Parent rights bill meets its expected fate

As expected, the House Public Health Care and Human Services Committee voted 7-6 Tuesday to kill a bill that would have created a sweeping “parent’s bill of rights” affecting how parents relate to schools, courts, health care agencies, and medical professionals.

The party-line vote on Senate Bill 15-077, with Democrats in the majority, came after nearly four hours of often-emotional testimony. The witness list was dominated by parents airing grievances about run-ins with judges, guardians, social workers, doctors, teachers, and principals.

Vaccination laws also came under fire from some witnesses supporting the bill. Two witnesses claimed that half of American boys will be autistic in the future because of vaccinations. And one witness maintained that flu shots cause Alzheimer’s disease.

Opponents of the bill, representing victim rights organizations, medical groups, the Colorado Bar Association, teachers, and school districts, said the bill was unnecessary because existing laws protect parents and because it would have weakened protections for children who are victims of abuse and sexual exploitation by family members.

Rep. Lois Landgraf, R-Colorado Springs, proposed a successful amendment intended to ease concerns about protection of abused children and about vaccinations. But committee Democrats killed the bill anyway.

The bill also proposed criminal penalties for teachers, health workers, and others who violated its terms.

The measure was sponsored by the father-son team of Sen. Tim Neville of Littleton and Rep. Patrick Neville of Castle Rock. Both are Republicans and strong social conservatives. (Read the bill here.)

Committee Democrats were uniformly polite and attentive to the witnesses who testified during the long hearing. “Some things were quite eye-opening to me,” said Rep. Joan Ginal, D-Fort Collins.

But House Democratic staff members were more direct in the news release issued after the bill was killed. “Another GOP Tinfoil-hat Bill Bites the Dust” was the headline on the email.

Truancy bill advances, but questions linger

The Senate Finance Committee passed a truancy bill on a 4-0 vote Tuesday, but the measure’s future remains unclear.

As passed by the Senate Education Committee last week, Senate Bill 15-184 aims to end jailing of truant students who ignore court orders to return to school. The bill would take truancy cases out of juvenile courts and assign them to administrative judges, who don’t have the power to send people to jail.

There’s concern by some senators that passage of the bill in its current form could cut off promising truancy court programs that have been developed in a few counties.

A more immediate concern is the bill’s fiscal impact. It would generate an estimated $389,881 in revenue from fees school districts would pay to have truancy cases referred to the administrative judges. But that income would count against the state’s Taxpayer’s Bill of Rights revenue cap that requires refunds to taxpayers once revenues reach a certain level.

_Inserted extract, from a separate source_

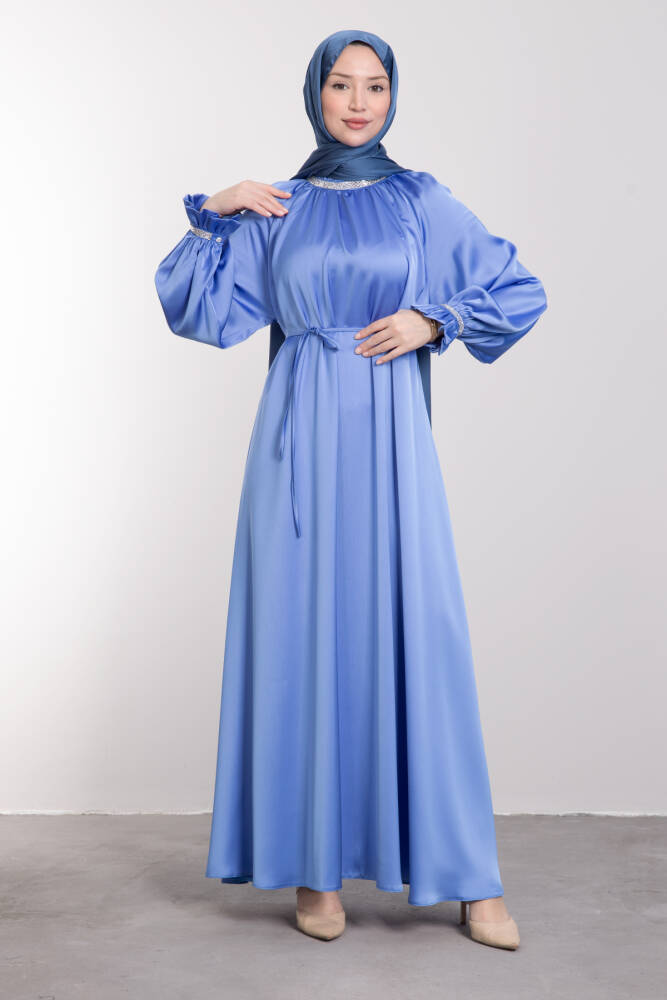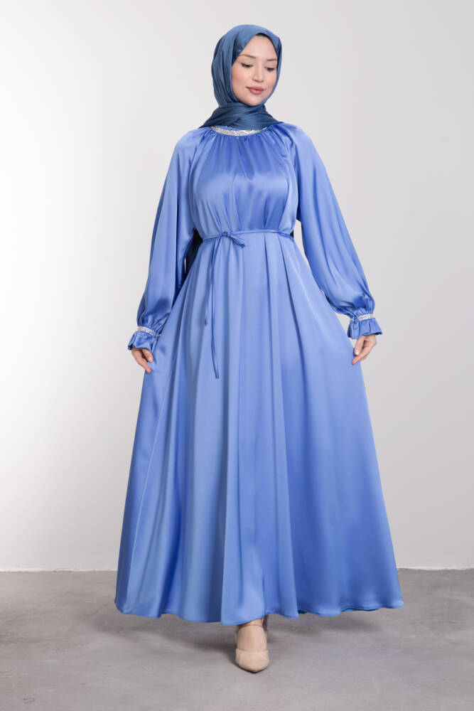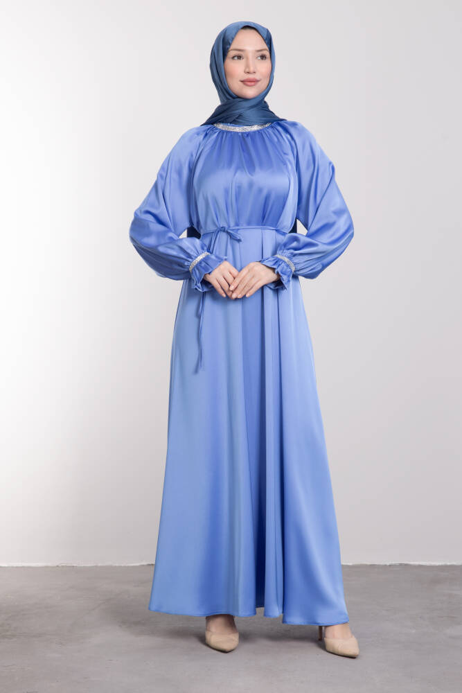 Kristal Taş İşlemeli Elbise Mavi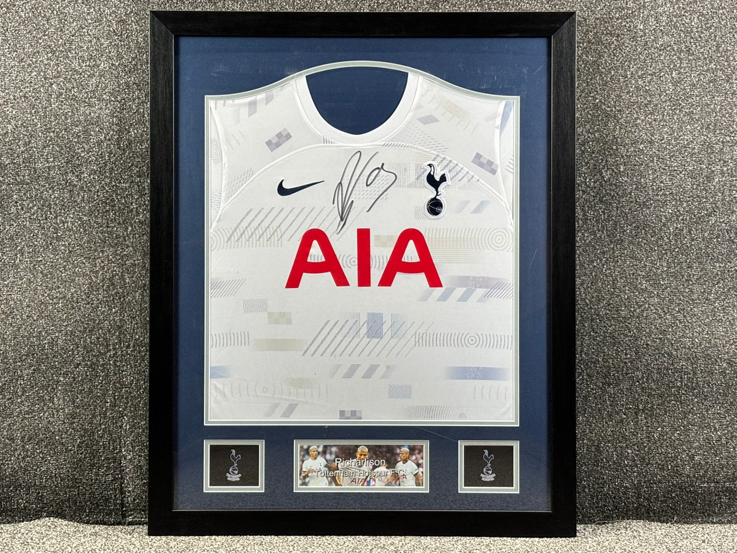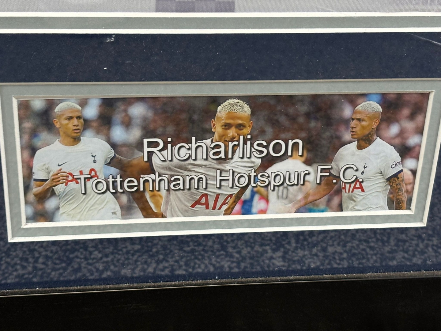 A signed and authenticated Richarlison Tottenham Hotspur Football Shirt in a presentation frame. Approx 83cm height, 68cm width.

The bill goes next to the Senate Appropriations Committee, which will consider that issue before deciding whether to send the measure to the Senate floor.

Sen. Andy Kerr, D-Lakewood, told the finance committee Tuesday he has an amendment that would avoid the fiscal issue, but he didn’t offer the change because the amendment language isn’t final.

Kerr’s plan would keep truancy cases in juvenile courts, but it would ban youth correctional facilities from imprisoning students found guilty of contempt of court for ignoring district requests to return to school.

Bill sponsor Sen. Chris Holbert, R-Parker, has said his main goal with the bill is to keep truant students out of juvenile detention.